Friday, March 24, 2006

 

"Augustine" Was No Saint

What a week for the Washington Post! They unveil their new Right Wing Blogger, Ben Domenech, who supposedly balances out Dan Froomkin's White House Briefing, but who soon admits (after being outed by bloggers) that he writes under the pseudonym "Augustine" at RedState.org. Not a big deal unless you call calling Coretta Scott King a communist on the day of her funeral and repeatedly plagiarizing all in a day's work.

On Monday, Digby proclaimed "this is gunna be fun" but today it was over as the Washington Post announced Ben's resignation. There's been enough written about this elsewhere but it's nice to see a small group of committed people make an arrogant institution take notice. Here is a comment I left on Digby's blog:
"And if you look at the overwhelming bulk of everything I've written, you'll find there is no question about it."
-Ben Domenech

In other words, "most of what I wrote wasn't plagiarized, so get off my back!" Reminds me of the great philosopher Homer (Simpson) who once opined, "I wasn't lying; I was writing fiction with my mouth."

It's a great day for the digby-inspired Davids of the world. A few well-organized, committed individuals banded together and uncovered enough facts, within days, that an institution, which was supposed to be built for checking facts, flat-out missed.

It's a great day, but I wonder how the empire will spin this, how they'll try to twist the firing of an obvious plagiarist and "dog whistle" racist and call it liberal bias somehow.

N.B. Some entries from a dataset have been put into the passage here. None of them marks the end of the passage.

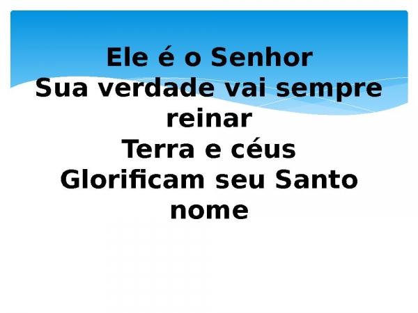 - Ele é o SenhorSua verdade vai sempre reinarTerra e céusGlorificam seu Santo nome
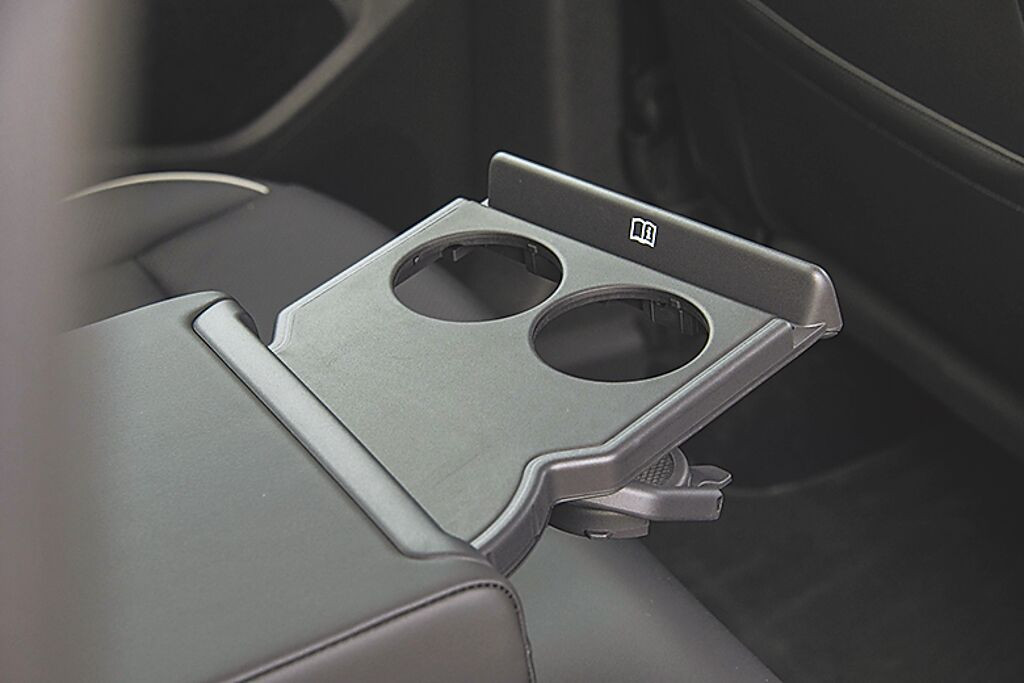 拉出中央扶手置杯架後可向左、向右轉角,並附加可供手機/平板的支架。(陳大任攝)
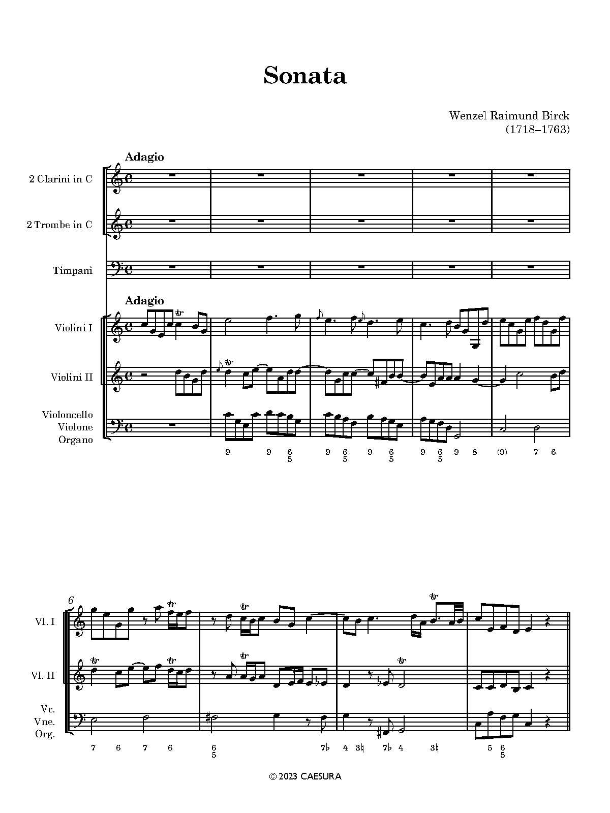 | Alternative. Title | Sonata : con Trombe, e Timpani, e 2. Violini obligati. [In C] / Del Sig: Venceslao Birck |
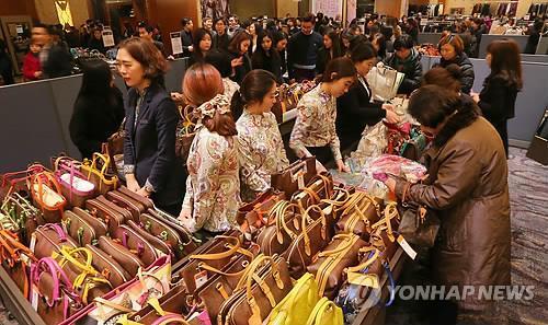 | △ 지난 2월 서울 소공동 롯데호텔에서 롯데백화점 주최로 열린 해외명품대전에서 소비자들이 제품을 고르는 모습. |
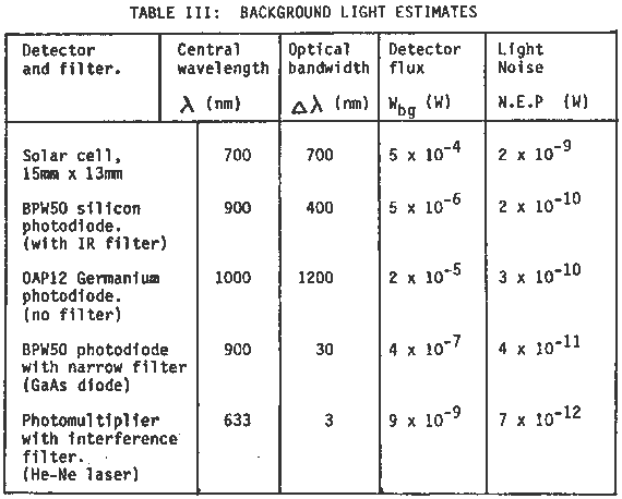 In the middle of a fine sunny day, the background light noise for a BPW50 infra-red photodiode at the focus of a 100 mm lens (f = 250 mm), would be about 2 x 10-10 W (Table 3). In this case, a signal flux of the order of 10-9 W will be required for speech reception. Repeating the previous calculations with Wmin = 10-9 W, will give a vacuum range of 4.3 km, and a clear air daylight range of 3.3 km.
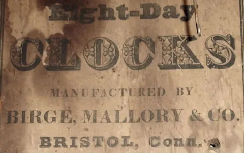 Birge, Mallory and Co., Bristol, Conn, C.1840, full column and cornice, 8-day time and strike. cornice is poorly replaced; general veneer issues on the doors. Dial with horizontal paint losses, still retains sliding mirror. Case retains original ball feet in the front, turned in rear. Large strap mov't is marked BMCo. Label is a bit dark, but fully legible. NO weights nor pend. Ht 35"
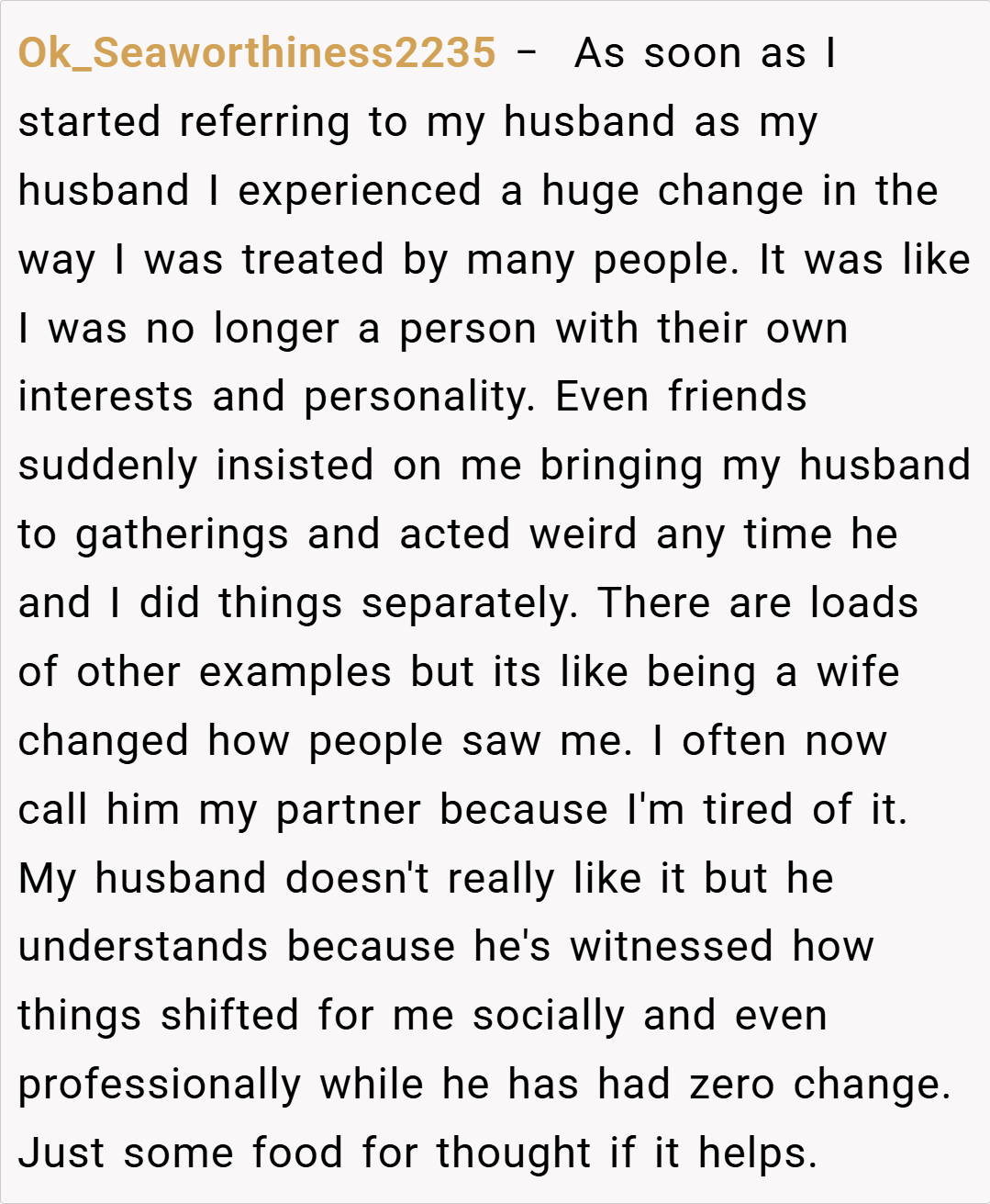 family therapist Dr. Susan Johnson emphasizes, “A marriage is about mutual respect and understanding. While it’s perfectly valid for someone to cherish traditional labels, insisting on them in a way that invalidates the other’s perspective can create unnecessary conflict. The focus should be on the quality of the relationship rather than the semantics of introductions.” Dr. Johnson suggests that if OP’s discomfort is primarily about public perception,
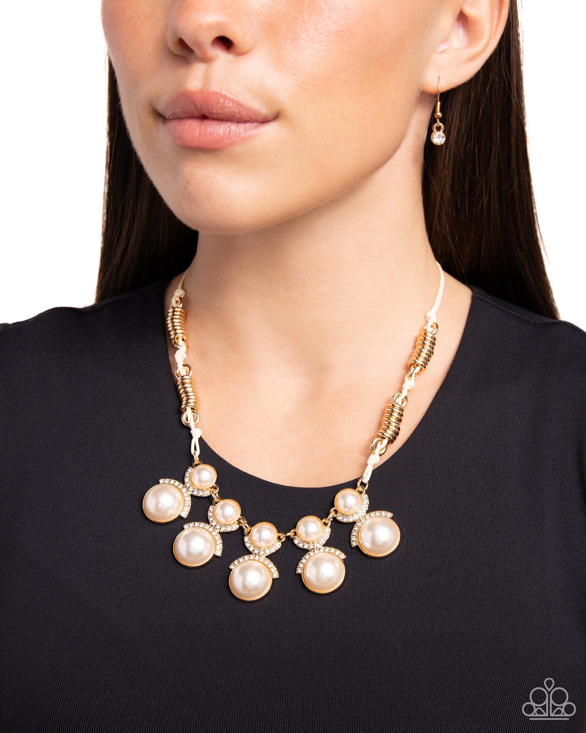 Connected to an ivory cord, a collection of glossy white pearls, bordered by white rhinestone-encrusted gold curls and pressed in gold frames, gives way to oversized white pearls in the same fittings. Glistening gold coils sporadically connect along the ivory cording for additional refinement. Features an adjustable clasp closure.
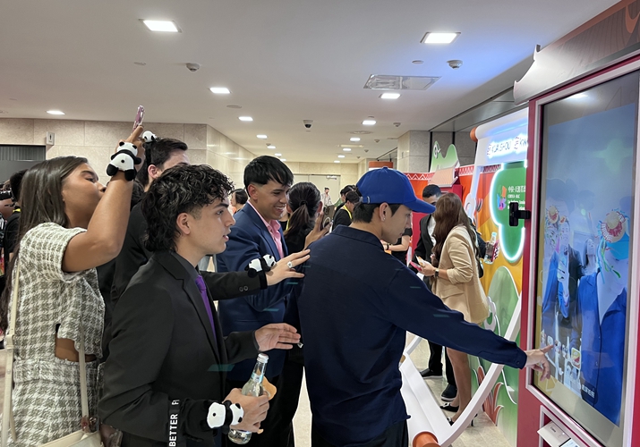 ![]() Influencers from Latin American and Caribbean countries try out an interactive exhibit at a cultural interaction bazaar in Beijing on September 8(TAO XING)
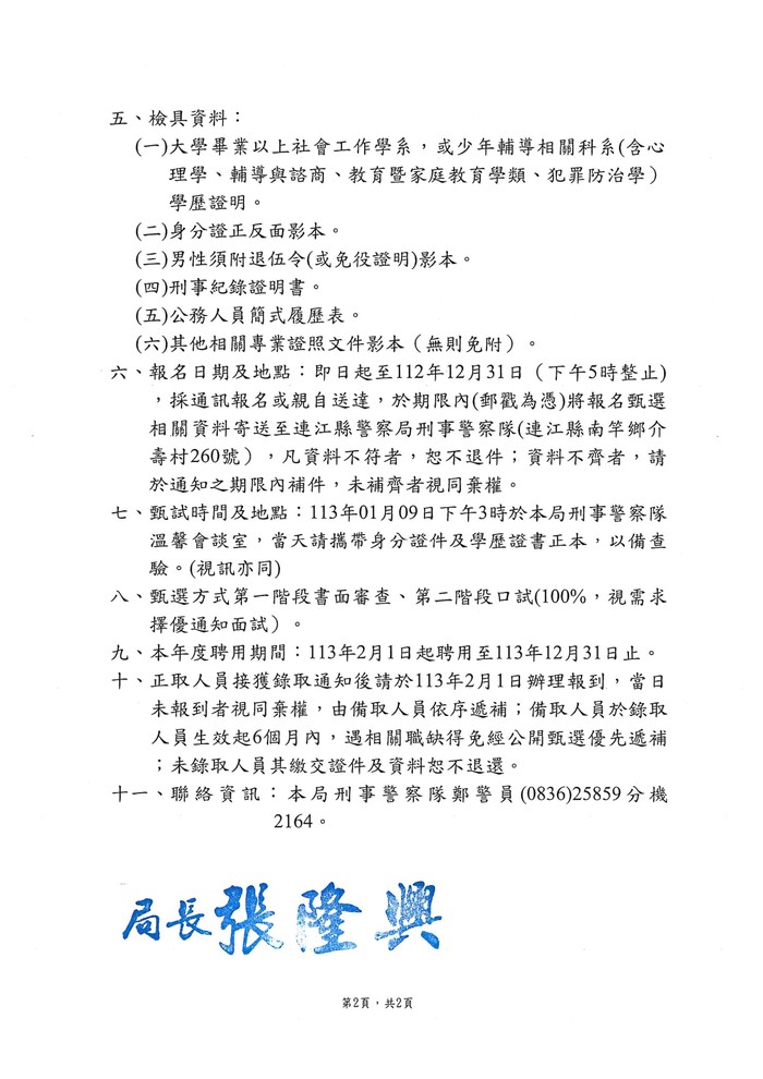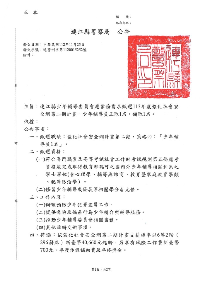 連江縣警察局甄選113年度強化社會安全網第二期計畫—少年輔導員1名公告
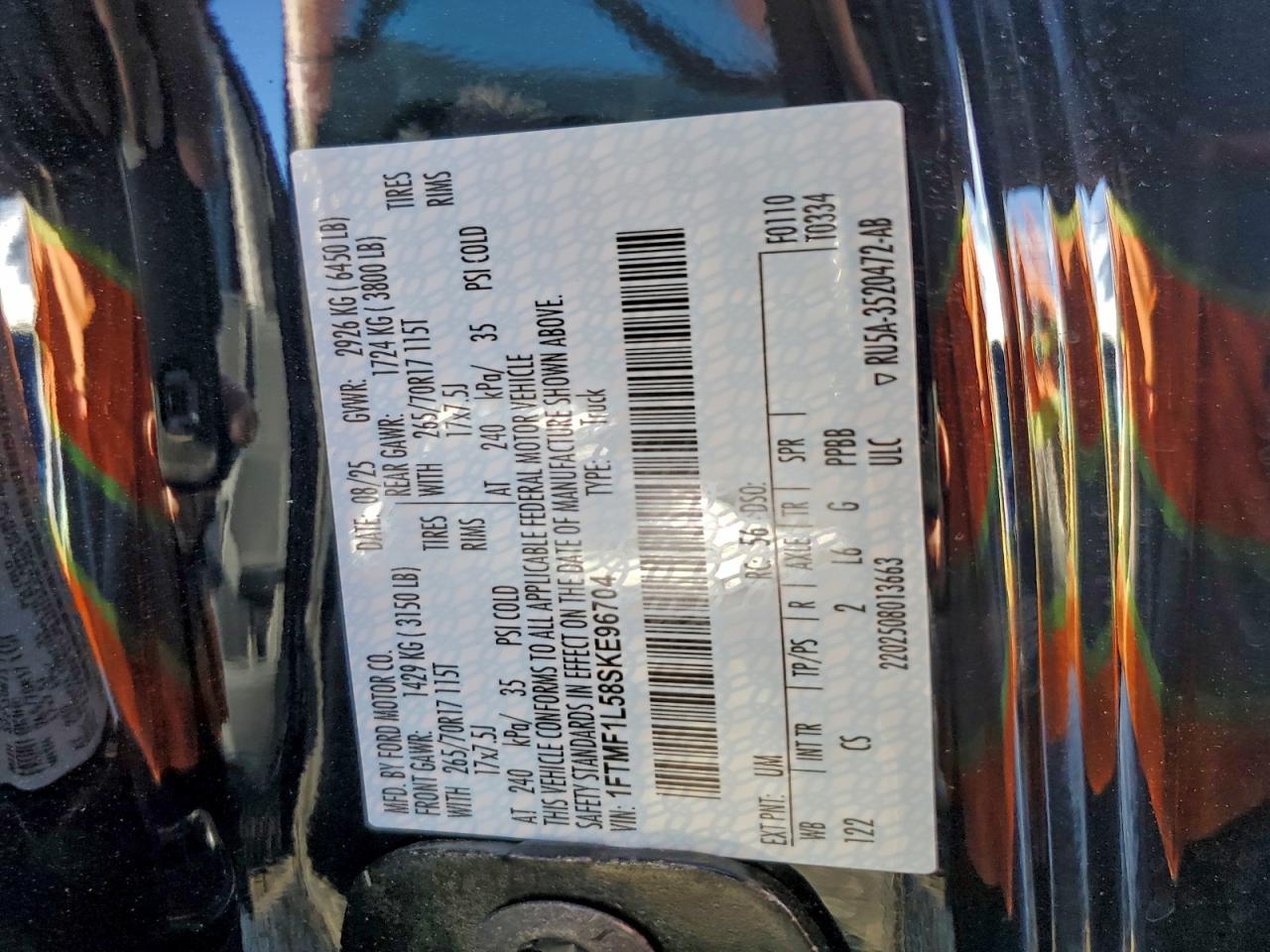 - ВИН: 1FTMF1L58SK******
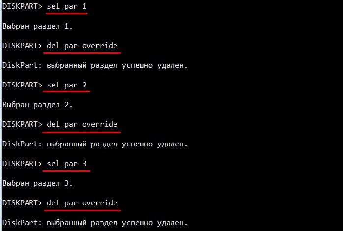 Следующими командами удаляем первые три скрытые раздела Windows 10:

Oh well, y'all made an institution take notice of the truth and sent one of their golden boys back to the gated community.
 

Above the Law, Again

As you know, after much debate in Congress and after the inclusion of new provisions granting Congressional oversight over its implementation, the Patriot Act was renewed and signed into law on March 9. Here's the rest of the story...

It seems a lot of time was wasted in Congressional debate because, as the President stated in a signing statement that accompanied his signature:

"The executive branch shall construe the provisions of H.R. 3199 that call for furnishing information to entities outside the executive branch, such as sections 106A and 119, in a manner consistent with the President's constitutional authority to supervise the unitary executive branch and to withhold information the disclosure of which could impair foreign relations, national security, the deliberative processes of the Executive, or the performance of the Executive's constitutional duties."

In other words, as the Unitary Executive (sounds a little King-like, doesn't it?) I don't have to follow the law doing so "impair[s the President's deliberative processes." While the concept of Bush deliberating is oxymoronic and darkly humorous, ignoring the law, repeatedly, is not.

Keep in mind that no investigation of the so-called "terrorist surveillance program" is in the works at this point. In other words, while Bush feels entitled to ignore Congress, Congress doesn't feel the need to investigate how far this Unitary Executive is taking his belief that their oversight power doesn't exist.